In this exercise we propose three different solutions (1, 2 and 3). They differ in the way in which the matrix vector product function `dgemv` is implemented, but they all use the same implementation for `daxpy` and `ddot` (except for Solution 1, that uses a naïve implementation of `ddot`). The key idea behind all the proposed GPU implementations is to fix the number of threads per 1D block

---

<sup>1</sup>[https://en.wikipedia.org/wiki/Basic\\_Linear\\_Algebra\\_Subprograms](https://en.wikipedia.org/wiki/Basic_Linear_Algebra_Subprograms)

and compute the 1D grid size (the number of blocks to launch) as the number of rows/columns in the matrix divided by the number of threads per block<sup>2</sup>.

While the discussion of the different algorithms is deferred to Sections 3.1, 3.2, and 3.3, respectively, in what follows we will comment on the common performance aspects of the three solutions. The obtained results (as a function of the number of threads per block) are shown in Table 1 and Figure 1 for all the three solutions and are compared with cuBLAS<sup>3</sup>, the NVIDIA CUDA Basic Linear Algebra Subroutines library, as a baseline reference. Some important remarks that can be made from these results are:

- The time per iteration is shorter for smaller matrices, what, even if obvious, it is worth mentioning.
- The cuBLAS performance is superior to the one of our implementations. This is not surprising as cuBLAS is a highly optimized library that uses the best available algorithms and imple-

<sup>2</sup>Note that some of the threads of the last block will be idle as, in principle, the matrix size is not a multiple of the number of threads per block.
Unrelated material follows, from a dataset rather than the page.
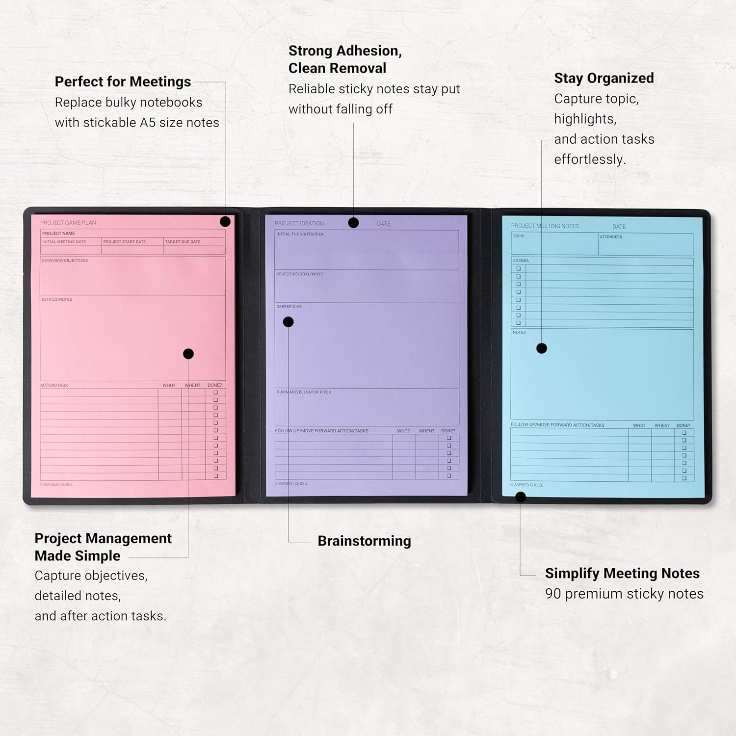 Meeting Notebook for Work & Project Planner Kit for Men and Women – 90 Large Sticky Notes for Work Organization, Project Management, Business Professionals & Work Planners

<sup>3</sup><https://developer.nvidia.com/cublas>



Figure 1: Time per iteration as a function of the block size for two different matrix sizes.
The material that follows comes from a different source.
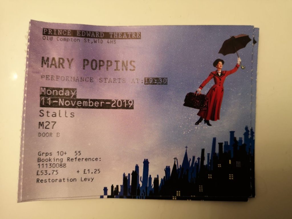 For this week’s blog I am going to write about something I did recently that I really enjoyed. On Monday 11th November I went to the Prince Edward Theatre in Old Compton Street to see Mary Poppins. I like going to the theatre and I also like the film’s about Mary Poppins so I was really looking forward to the show. I went to the show with my dad and sister and we went to Shake Shack beforehand to get something to eat. The show was excellent the performers were all great especially the actress who played Mary Poppins. The stage, the costumes and dance routines were also very impressive. My favourite songs were Step in Time and supercalifragilisticexpialidocious which were both great and a lot of fun. I would recommend the show to anybody who likes the film as it was very well done. We all had a great night and enjoyed our night in the West End.
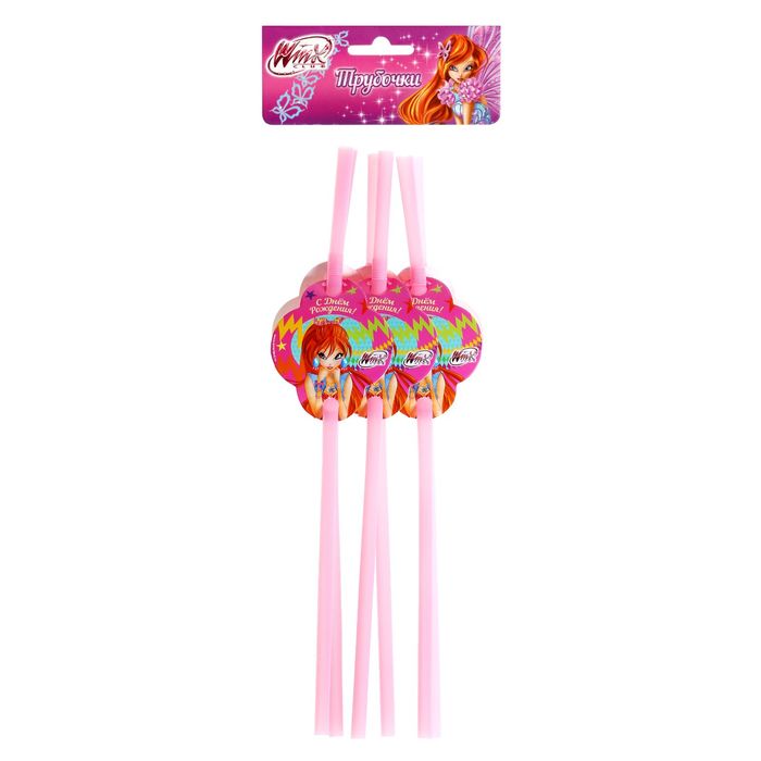Набор трубочек для коктейля "С Днем рождения" (6 шт), феи Винкс, Блум

Table 1: Performance results for different thread block sizes

| Threads/Block                              | Time per iteration (milliseconds) |            |            |            |
|--------------------------------------------|-----------------------------------|------------|------------|------------|
|                                            | cuBLAS                            | Solution 1 | Solution 2 | Solution 3 |
| <b>Matrix Size:</b> $2,500 \times 2,500$   |                                   |            |            |            |
| 1                                          |                                   | 1.79       | 0.51       | 1.92       |
| 2                                          |                                   | 1.72       | 0.48       | 0.96       |
| 4                                          |                                   | 1.57       | 0.45       | 0.50       |
| 8                                          |                                   | 1.52       | 0.45       | 0.33       |
| 16                                         |                                   | 1.53       | 0.46       | 0.30       |
| 32                                         | 0.19                              | 1.56       | 0.51       | 0.33       |
| 64                                         |                                   | 1.68       | 0.52       | 0.36       |
| 128                                        |                                   | 1.92       | 0.54       | 0.41       |
| 256                                        |                                   | 2.26       | 0.71       | 0.51       |
| 512                                        |                                   | 3.18       | 0.98       | 0.85       |
| 1024                                       |                                   | 4.32       | 1.78       | 1.75       |
| <b>Matrix Size:</b> $10,000 \times 10,000$ |                                   |            |            |            |
| 1                                          |                                   | 14.97      | 5.46       | 20.07      |
| 2                                          |                                   | 10.35      | 3.52       | 7.89       |
| 4                                          |                                   | 8.26       | 2.96       | 3.58       |
| 8                                          |                                   | 8.24       | 2.85       | 2.65       |
| 16                                         |                                   | 8.05       | 2.86       | 1.85       |
| 32                                         | 1.54                              | 8.09       | 2.87       | 2.08       |
| 64                                         |                                   | 7.89       | 2.86       | 2.11       |
| 128                                        |                                   | 8.27       | 2.85       | 2.17       |
| 256                                        |                                   | 9.46       | 3.19       | 2.66       |
| 512                                        |                                   | 11.35      | 4.46       | 4.63       |
| 1024                                       |                                   | 16.48      | 7.91       | 8.62       |

mentations for the GPU. However, it offers a good reference to compare our implementations with.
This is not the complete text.